After publishing Geek Love, Dunn went back to working as a journalist. As a reporter, she was best known for covering boxing with a feminist slant, but she also published cultural criticism in Playboy, Vogue, Rolling Stone, Esquire, and the New York Times, among others. Notes and drafts of her articles, along with copies of the now-vintage magazines and newspapers are spread throughout the archive. Several folders are devoted to research on Courtney Love’s life and career—a deep dive that culminated in a 1995 essay for Vogue. In it, she called Love “the current icon of female bad behavior” and articulates more explicitly a common sentiment of her fiction: celebrating women “recognizing and embracing the fact that they possess the entire human spectrum of emotion and behavior.”

Outside of her fiction, Dunn was a prolific boxing reporter.

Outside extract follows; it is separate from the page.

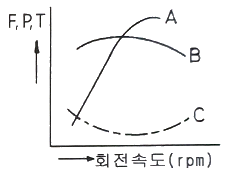 자동차 엔진의 성능곡선에서 A, B, C가 의미하는 것은? (단, F는 연료소비율, P는 축출력, T는 축토크이다.)

Dunn notoriously worked for decades on a follow-up to Geek Love. Cut Man was to be a novel dealing with boxing and serial killers, but in the years between turning in the book’s proposal and Dunn’s death, she was unable to tie the plot together. Drafts of Cut Man are under restricted access in the archive, however, so something could be made of them in the future.

Toad’s manuscript was made available to the public after the book was published last year. It’s about three inches of stacked paper of varying weights and sizes—faded typewritten text, rusted at the corners. The last page, hand-numbered 307, flirts with companionship: “We could play out cartoon tableaux, the cat and the fish and me. I don’t know if I’m ready for a warm blooded creature yet. Would a cat eat a toad?”

Another folder is packed with research and drafts of an article Smithsonian Magazine commissioned about Portland in 2010. “Portland was the town I ran away to,” she writes. She ran all the way from Tigard, into what the farm folk she had come to know in the ’60s burbs referred to as “a paved jungle of noise, danger and depravity.” This was the draw. And it’s this outsize, rough-edged, screwball version of the city and its surroundings that serve as the backdrop to her fiction—what we’ve seen of it, at least.